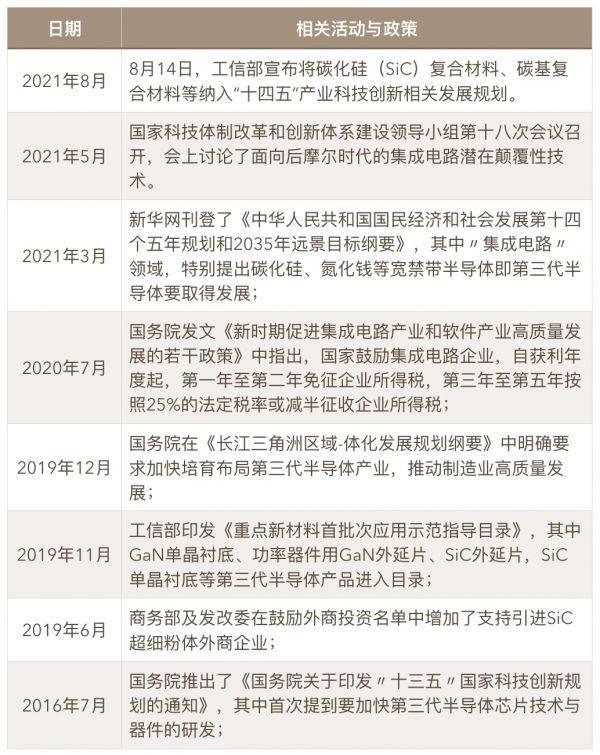 政策加码、行业加持,从2016年开始,政府不断出台与第三代半导体相关的政策材料,行业投资水涨船高,市场销售额也在每年大幅上涨。
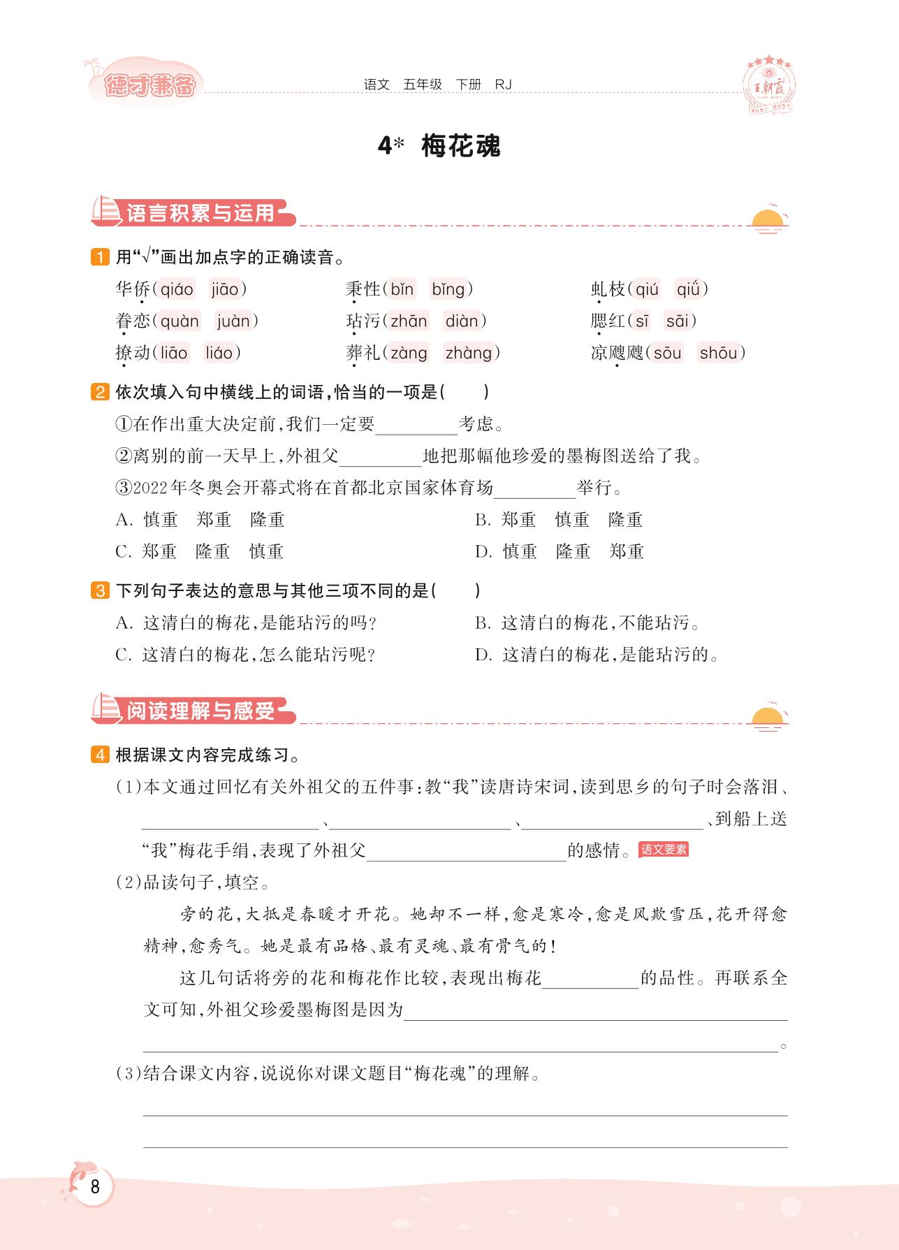 2022下册五年级语文人教版 第一单元 童年往事——4 梅花魂
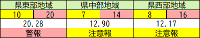 ・東・中・西の地域別では、県東部地域が感染拡大警報レベル、県中部、県西部地域が感染拡大注意報レベルとなっています。保健所管内別では、御殿場、富士、静岡市保健所管内が感染拡大警報レベル、賀茂、熱海、東部、中部、西部、浜松市保健所管内が感染拡大注意報レベルとなっています。
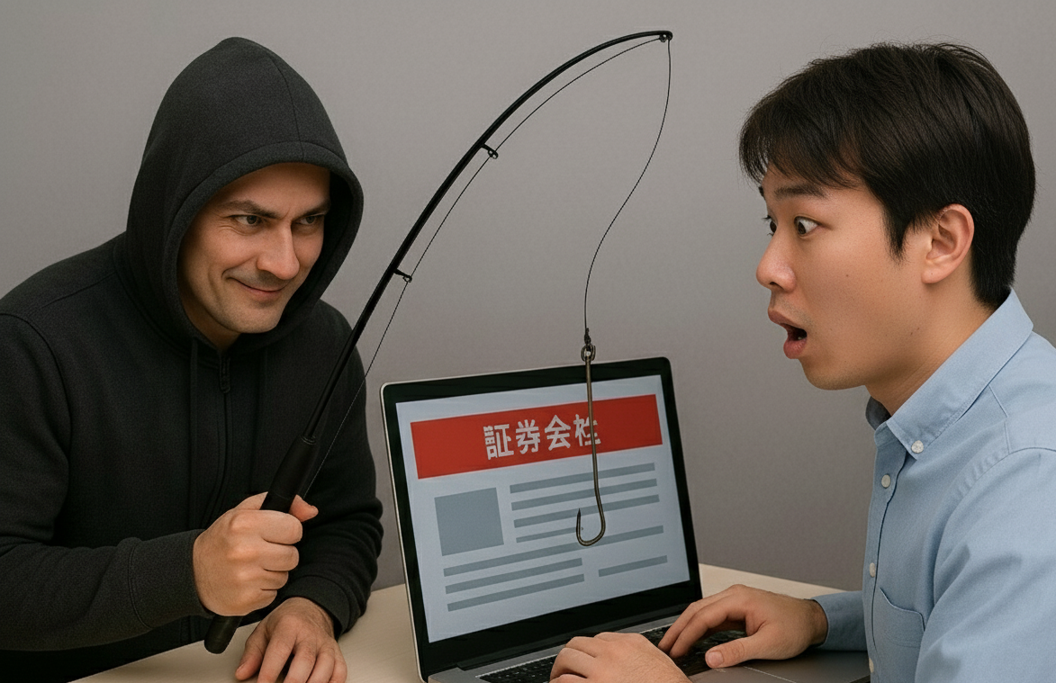 大手証券会社を装ったメールから偽サイトにアクセスさせ、入力したID・パスワードを盗み取ることで、口座の乗っ取りや不正送金につながります。
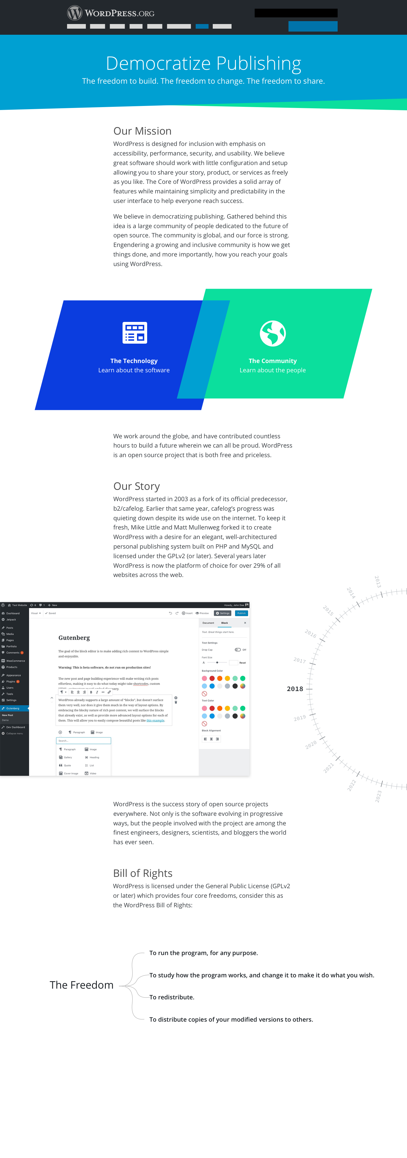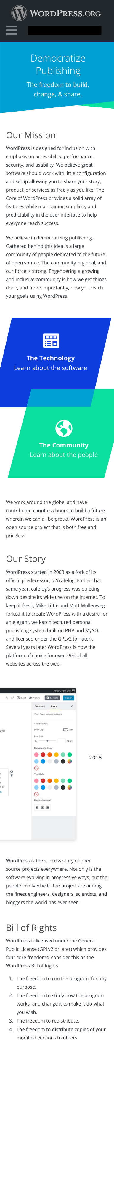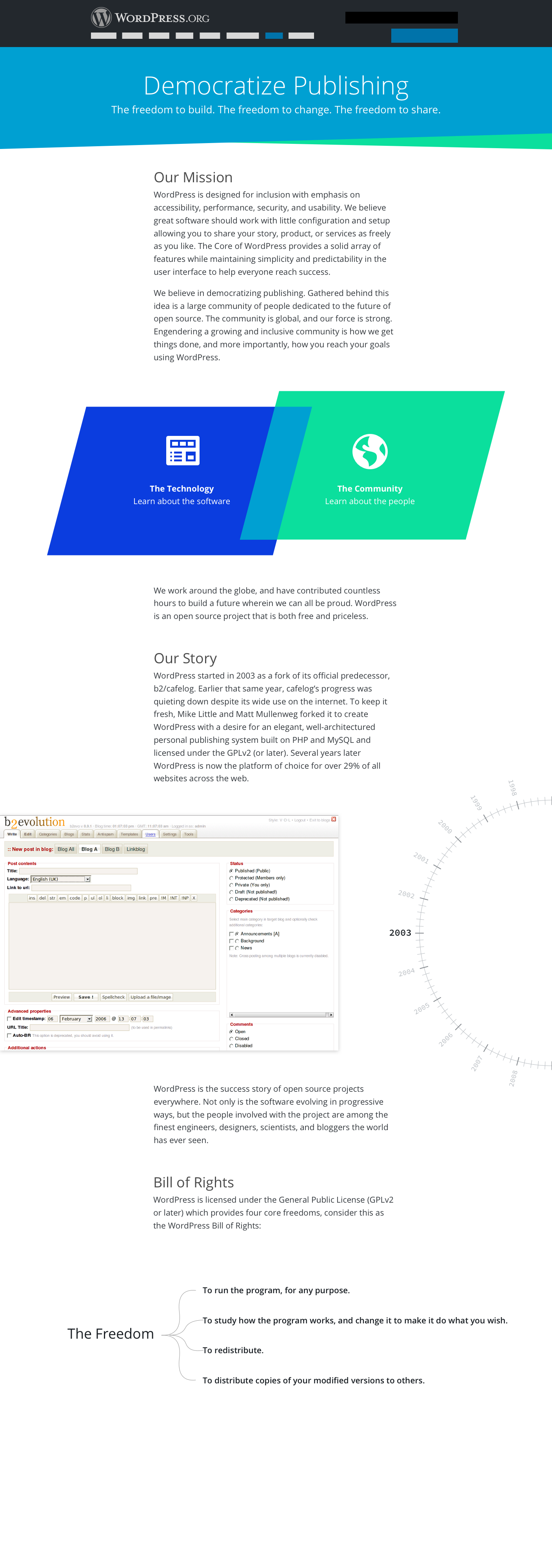 I wanted to organize the content in the whole About section, but that might be further out. So for now I envisioned the About page as a way to talk about both the technology AND the community. These two are what makes up the whole of WordPress. I propose 3 sections: Our Mission, Our Story, the Bill of Rights.
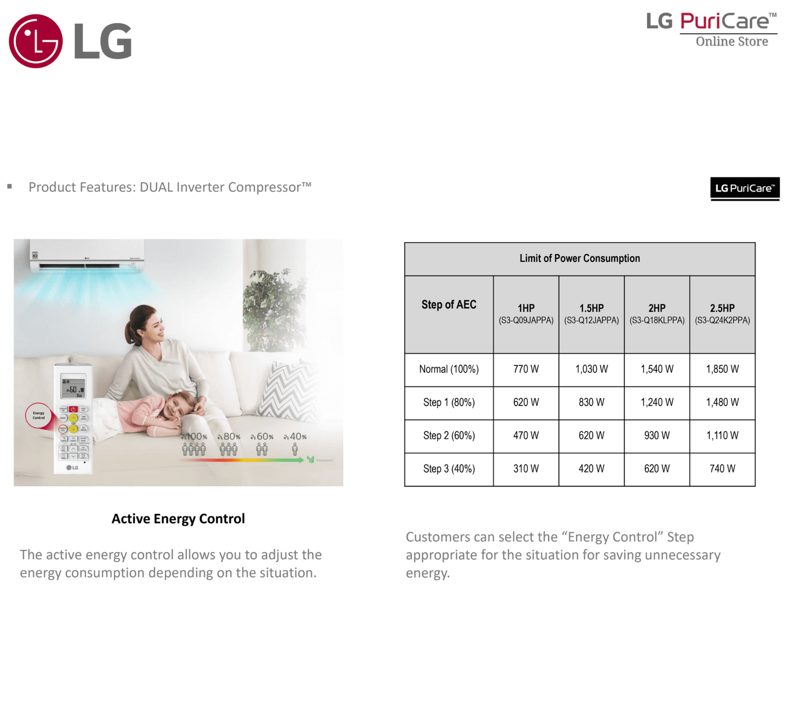 - Low Energy Consumption: Yes (Smart Inverter Compressor)
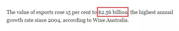 2017年澳洲葡萄酒的世界出口总量较往年增长了15%,达到25.6亿澳元。
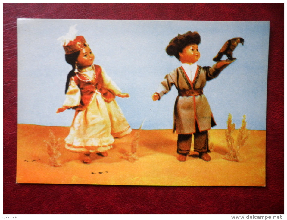 dolls in Kazakh folk costumes - hawk - 1967 - Russia USSR - unused
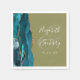 Agate Geode Script Teal Gold Olive Green Wedding Napkin
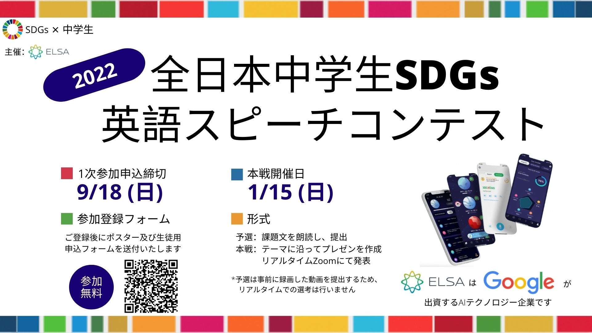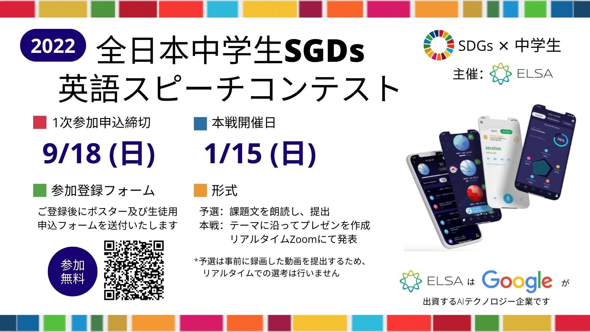 米国スタンフォード大学発のAI発音コーチアプリ"ELSA Speak"を開発するELSA Corp. (CEO: Vu Van)は、日本にいる中学生を対象とし、SDGsのテーマに沿ったスピーチコンテスト「全日本中学生SDGs英語スピーチコンテスト」を2022年1月15日(日)(予選12月4日)に開催致します。ご参加頂いた中学生は、"ELSA Speak" を無料で使用することができます。優勝賞与として、豪華景品をご用意しております。

########

### TASK DETAILS:
After dropping every picture, transcribe each entry exactly.

### PROBLEM SOLUTION:
 政策加码、行业加持,从2016年开始,政府不断出台与第三代半导体相关的政策材料,行业投资水涨船高,市场销售额也在每年大幅上涨。
 2022下册五年级语文人教版 第一单元 童年往事——4 梅花魂
 ・東・中・西の地域別では、県東部地域が感染拡大警報レベル、県中部、県西部地域が感染拡大注意報レベルとなっています。保健所管内別では、御殿場、富士、静岡市保健所管内が感染拡大警報レベル、賀茂、熱海、東部、中部、西部、浜松市保健所管内が感染拡大注意報レベルとなっています。
 大手証券会社を装ったメールから偽サイトにアクセスさせ、入力したID・パスワードを盗み取ることで、口座の乗っ取りや不正送金につながります。
 I wanted to organize the content in the whole About section, but that might be further out. So for now I envisioned the About page as a way to talk about both the technology AND the community. These two are what makes up the whole of WordPress. I propose 3 sections: Our Mission, Our Story, the Bill of Rights.
 - Low Energy Consumption: Yes (Smart Inverter Compressor)
 2017年澳洲葡萄酒的世界出口总量较往年增长了15%,达到25.6亿澳元。
 dolls in Kazakh folk costumes - hawk - 1967 - Russia USSR - unused
 Agate Geode Script Teal Gold Olive Green Wedding Napkin
 米国スタンフォード大学発のAI発音コーチアプリ"ELSA Speak"を開発するELSA Corp. (CEO: Vu Van)は、日本にいる中学生を対象とし、SDGsのテーマに沿ったスピーチコンテスト「全日本中学生SDGs英語スピーチコンテスト」を2022年1月15日(日)(予選12月4日)に開催致します。ご参加頂いた中学生は、"ELSA Speak" を無料で使用することができます。優勝賞与として、豪華景品をご用意しております。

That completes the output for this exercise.